Announcing NVIDIA DGX GH200: The First 100 Terabyte GPU Memory System

thumbnail

NVIDIA DGX GH200: The First 100 Terabyte GPU Memory System

  • NVIDIA introduces their newest GPU system, the DGX GH200, which is the first supercomputer to break the 100-terabyte barrier for memory accessible to GPUs over NVLink.
  • The DGX GH200 system is designed to empower scientists in need of an advanced platform that can solve extraordinary challenges.
  • The system is built with NVIDIA Grace Hopper Superchip and NVLink Switch System, which combines to form a giant data center-sized GPU.
  • The architecture allows for up to 256 GPUs in a DGX GH200 system, which provides nearly 500x more memory to the GPU shared memory programming model over NVLink compared to a single NVIDIA DGX A100 320 GB system.
  • NVIDIA Base Command provides an OS optimized for AI workloads, a cluster manager, and libraries that accelerate compute, storage, and network infrastructure.

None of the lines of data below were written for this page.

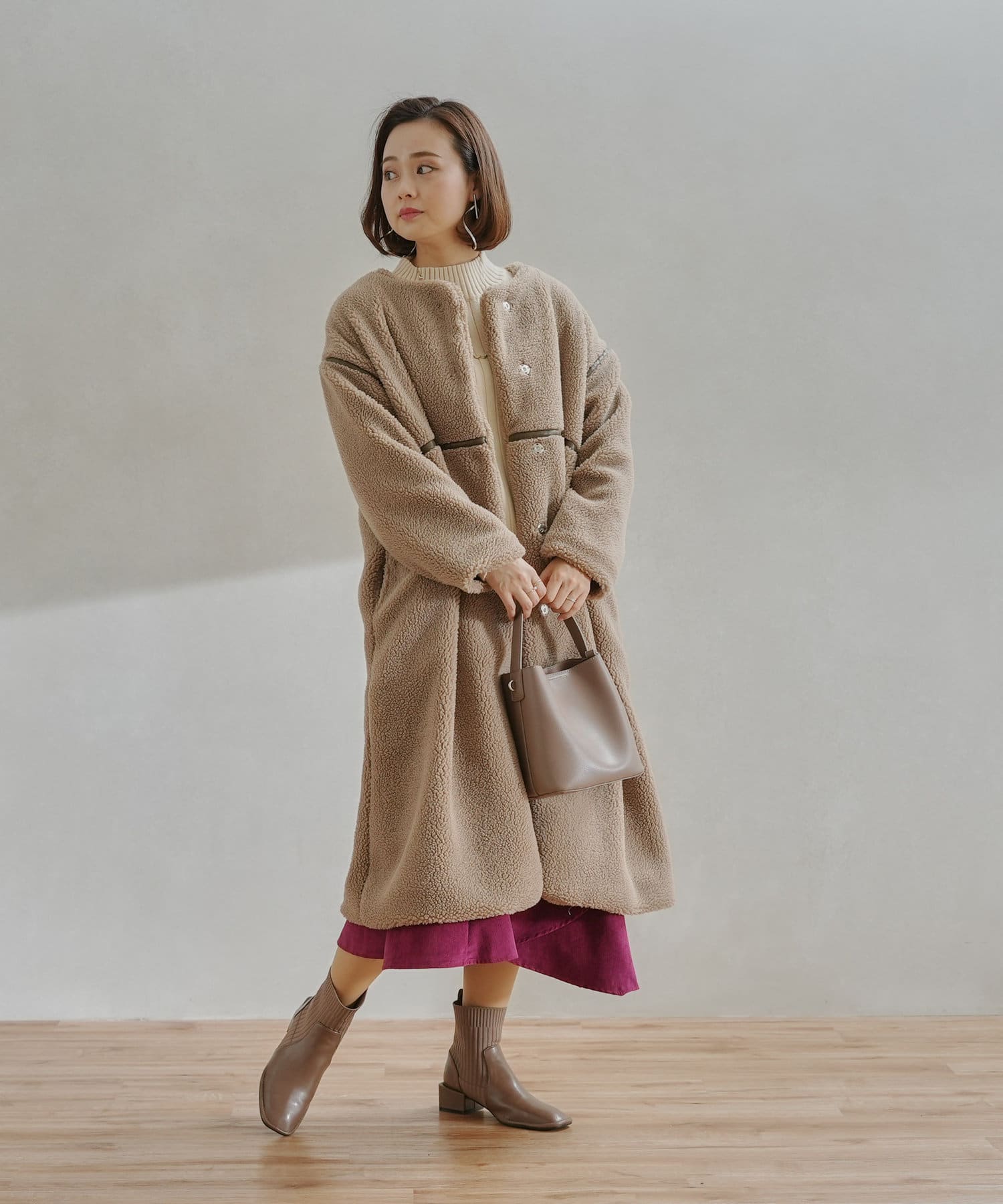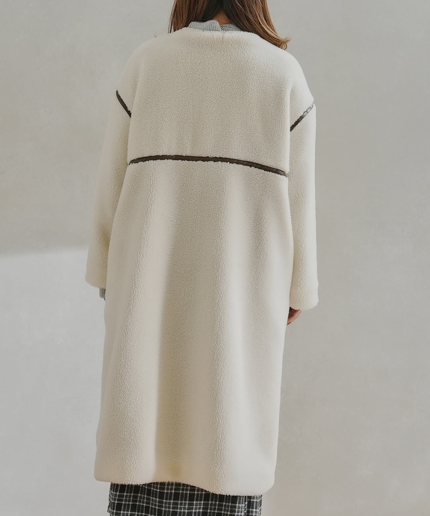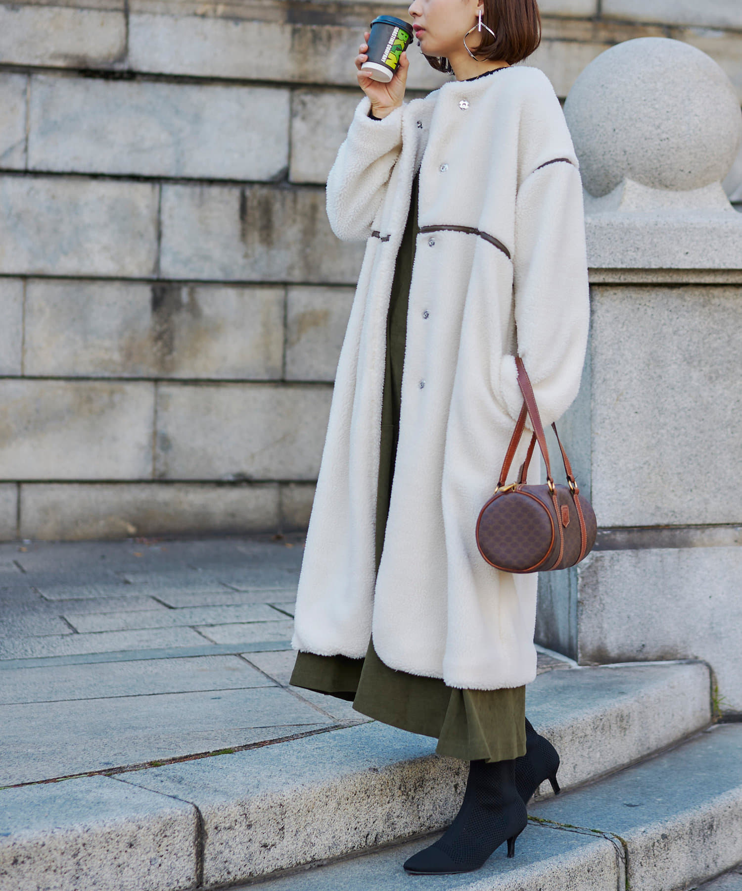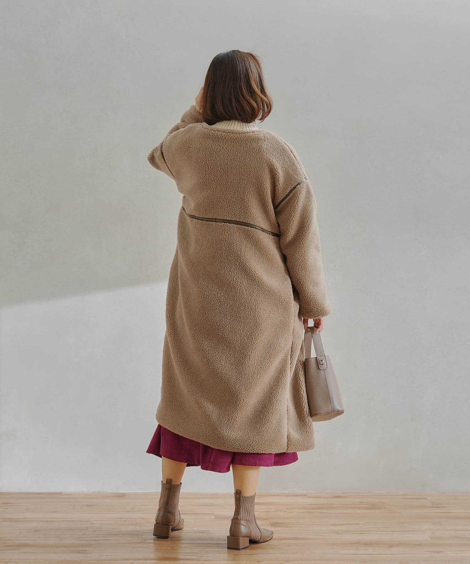 ・パイピングがアクセントになったボアコート。ゆったりしたシルエットなので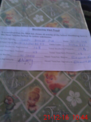| Attendance Register | Head Teacher | MEA with School | Visit Proof |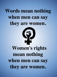 Magdalen Berns introduced me to this wonderful, spectacularly succinct phrase. The fact that this phrase is fast becoming controversial sums up the absurdity of the current state of gender politics.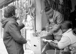昨日,一位市民在香肠灌装点加工香肠。临近春节,灌香肠、腌腊肉是许多家庭的“必修课”,许多灌装点生意十分火爆。记者 王映 摄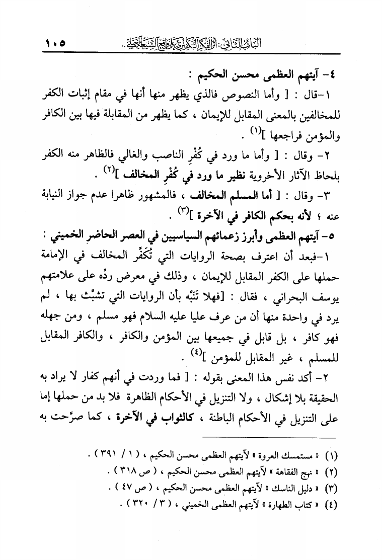 نام کتاب : الفكر التكفيري عند الشيعة حقيقة أم افتراء دراسة موثقة من مرويات الشيعة وتقريرات علمائهم أساساً ومحوراً لها في لفاطة اللثام عن هذه القضية الخطيرة نویسنده : عبد الملك بن عبد الرحمن الشافعي جلد : 1 صفحه : 105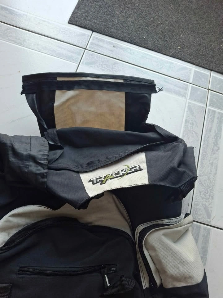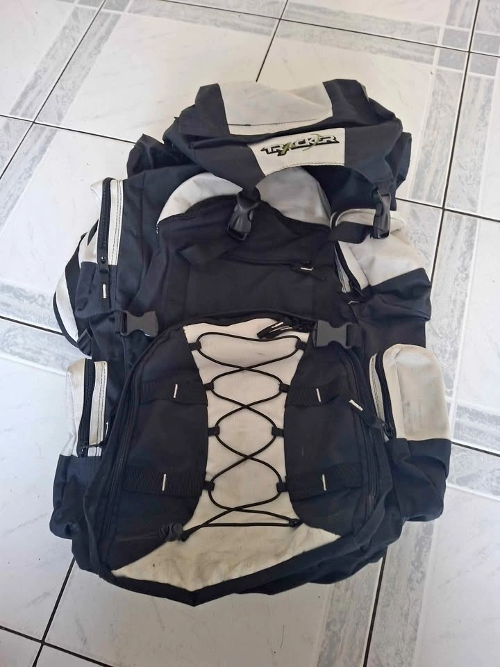 Large backpack for camping in the wilderness or hicking for days. Lots of straps and pouches. Some wear and the zipper is missing from the top pouch as shown in the last 2 photos but otherwise in good condition.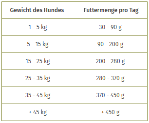 Die angegebene Menge dient nur der Orientierung. Die Futtermenge muss entsprechend dem Alter, der Rasse und der Beanspruchung angepasst werden. Ihr Hund sollte stets frisches Wasser zur Verfügung haben.
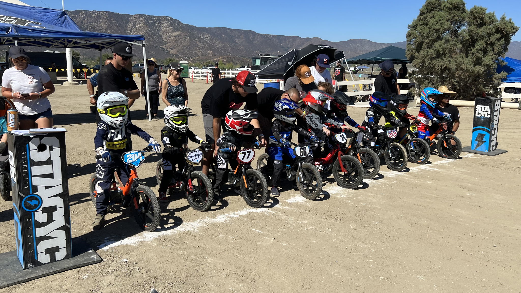 STOCK – stock drivetrain required on both 12” and 16” cycles. Brushless motor permitted on 16” stacyc only. Must use stock sprocket 12” (9 tooth) 16” (10 tooth). Must use Stacyc battery.  All Stacyc must have an operating brake system.  MAX PERMITTED RPM AT REAR WHEEL IS 360 RPM BIKE OVER 360 WILL BE DISQUALIFIED.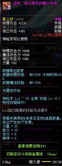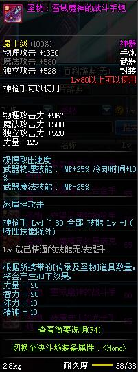 | 35 | 圣物 : 极光天使之巨型手炮 | *Lv34~41普通地下城怪物掉落 |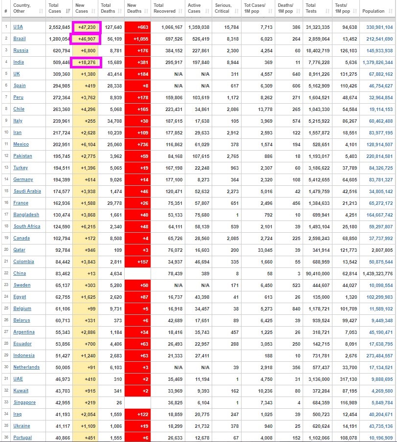 Brazil, vùng dịch lớn thứ hai thế giới, báo cáo thêm 41.827 ca nhiễm và 907 ca tử vong, nâng tổng số lên lần lượt 1.274.974 và 55.961. Các nhà nghiên cứu lo ngại số người chết vì Covid-19 trên thực tế tại Brazil bị che đậy.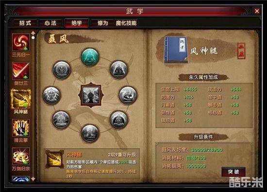 风神腿:通过侠客聂风求取,施展技能后移动速度提升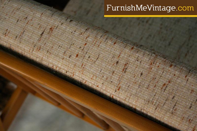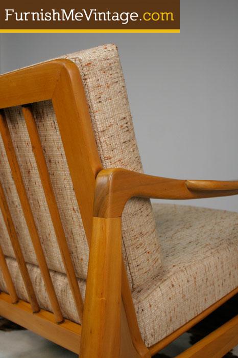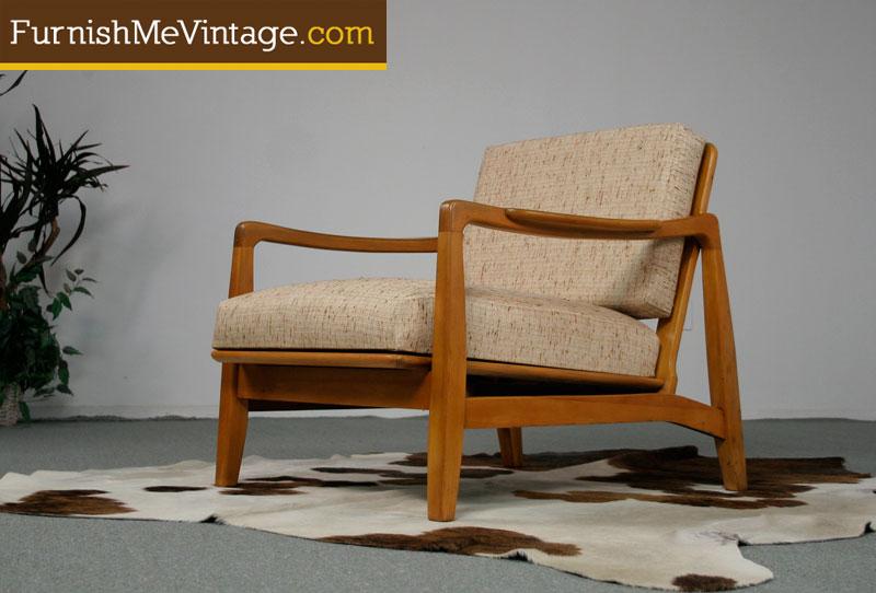 Restored Mid Century Modern Danish style lounge chair. Solid wood frame has been newly refinished. Cushions have new foam. Recovered in NOS (new old stock) fabric. Upholstery is authentic vintage textile — unused old stock. Unmarked, likely American made. Wider and deeper than most similar lounge chairs of the period. A stature more suitable to today’s standard of comfort. Bottom cushion has a spring base built onto a wooden frame. Very unusual construction for this type of chair. An indication of quality.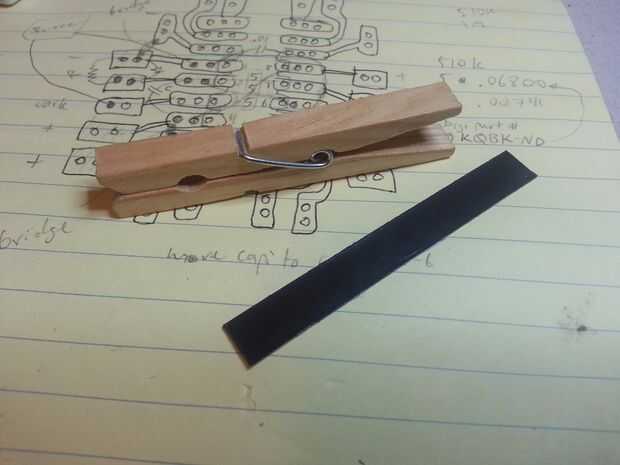 Usé un imán plano libre para sujetar la pinza a la nevera. Esto no era lo suficientemente fuerte, y usted puede tener doble, utilizar pegamento o incrustar imanes más fuertes. Habrá algún par en el lado de las mandíbulas de la pinza para la ropa en el lado de la cola es comprimido por la puerta del refrigerador, y que pueden separar su disparador de la posición deseada.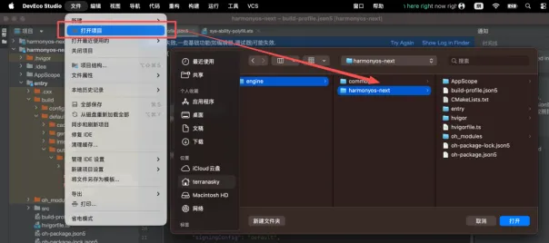 1. 打开工程:启动DevEco Studio,选择「文件→打开项目」,打开对应版本cocos 构建的鸿蒙工程。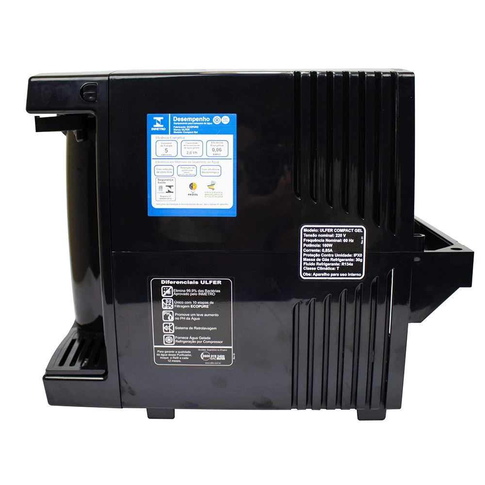 O Purificador de Água Ulfer Compact  Preto oferece inovação e praticidade com seu sistema Ecopure®, fornecendo água em três temperaturas: natural, fresca e gelada. Com um design compacto e eficiente, ele é ideal para qualquer ambiente, garantindo água pura e saudável sempre à disposição, seja em casa, no trabalho ou em espaços comerciais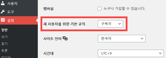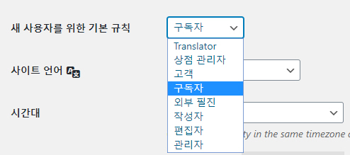 워드프레스 회원가입 시 새 사용자의 기본 사용자 역할 설정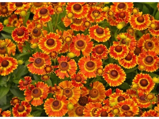 Компактный сорт. Цветки многочисленные, ромашковидные, яркие, красно-оранжевые с золотистым ореолом и коричневым центральным диском. Цветоносы прочные, хорошо разветвлённые. Цветение в августе-октябре. Листья копьевидные, зубчатые, тёмно-зелёные. Высота 40-50 см и ширина 50-60 см. Прекрасное растение для срезки. В сухую и жаркую погоду нуждаются в обильном поливе. Хорошо отзываются на органические и минеральные подкормки (2-3 раза за лето). Растения зимостойкие, но если их не делить дольше 3-4 лет, то розетки могут подмерзать. Использование: миксбордеры, рабатки, композиции, на срезку.

NVLink Technology and Unified Memory Programming Model

  • NVLink technology was introduced in 2016, along with the Unified Memory Programming model with CUDA-6, designed to increase the memory available to GPU-accelerated workloads.
  • The core of every DGX system is a GPU complex on a baseboard interconnected with NVLink, allowing each GPU to access the other’s memory at NVLink speed.

NVIDIA Grace Hopper Superchip and NVLink Switch System

  • NVIDIA Grace Hopper Superchip combines the Grace and Hopper architectures using NVIDIA NVLink-C2C to deliver a CPU + GPU coherent memory model.
  • NVIDIA Grace CPU and Hopper GPU are interconnected with NVLink-C2C, providing 7x more bandwidth than PCIe Gen5 at one-fifth the power.
  • NVLink Switch System forms a two-level, non-blocking, fat-tree NVLink fabric to fully connect 256 Grace Hopper Superchips in a DGX GH200 system.
  • Every GPU in DGX GH200 can access the memory of other GPUs and extended GPU memory of all NVIDIA Grace CPUs at 900 GBps.

Full-Stack NVIDIA Solution

  • DGX GH200 comes with NVIDIA Base Command, which includes an OS optimized for AI workloads, cluster manager, and libraries that accelerate compute, storage, and network infrastructure.
  • BlueField-3 DPUs can transform any enterprise computing environment into a secure and accelerated virtual private cloud, enabling organizations to run application workloads in secure, multi-tenant environments.

Supercharging AI and HPC Workloads

  • The power of BlueField-3 DPUs makes the DGX H100 the most performance-efficient training solution for enterprise workloads.
  • The DGX GH200 is a better solution for more advanced AI and HPC models that require massive memory for GPU shared memory programming.
  • NVIDIA is working to make DGX GH200 available at the end of this year.